Reality: The biggest threat to the well-being of the vast majority of Americans is not the advancement but the continued deprivation of the hungry. Low wages---both abroad and in inner cities at home---may mean cheaper bananas, shirts, computers, and fast food for most Americans, but in other ways we pay heavily for hunger and poverty. Enforced poverty in the Third World jeopardizes U.S. jobs, wages, and working conditions as corporations seek cheaper labor abroad.

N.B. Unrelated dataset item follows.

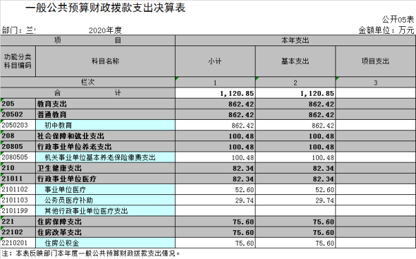 我校2020年決算總支出為1120.85萬元,其中人員經費支出1057.92萬元,占總支出比例94.4%;公用經費支出62.93萬元。占總支出比例5.6%.

In a global economy, what American workers have achieved in employment, wage levels, and working conditions can be protected only when working people in every country are freed from economic desperation.
Here at home, policies like welfare reform throw more people into the job market than can be absorbed---at below-minimum-wage levels in the case of `workfare'---which puts downward pressure on the wages of those on higher rungs of the employment ladder. The growing numbers of 'working poor' are those who have part- or full-time low-wage jobs yet cannot afford adequate nutrition or housing for their families. Educating ourselves about the common interests most Americans share with the poor in the Third World and at home allows us to be compassionate without sliding into pity. In working to clear the way for the poor to free themselves from economic oppression, we free ourselves as well.
Reality: There is no theoretical or practical reason why freedom, taken to mean civil liberties, should be incompatible with ending hunger. Surveying the globe, we see no correlation between hunger and civil liberties. However, one narrow definition of freedom---the right to unlimited accumulation of wealth-producing property and the right to use that property however one sees fit---is in fundamental conflict with ending hunger. By contrast, a definition of freedom more consistent with our nation's dominant founding vision holds that economic security for all is the guarantor of our liberty. Such an understanding of freedom is essential to ending hunger.
Based on World Hunger. 12,Myths, Second Edition, by Frances Moore Lappe, Joseph Collins, and Peter Rosser, with Luis Esparza (fully revised and updated, Grove Press and Food First Books, October 1998).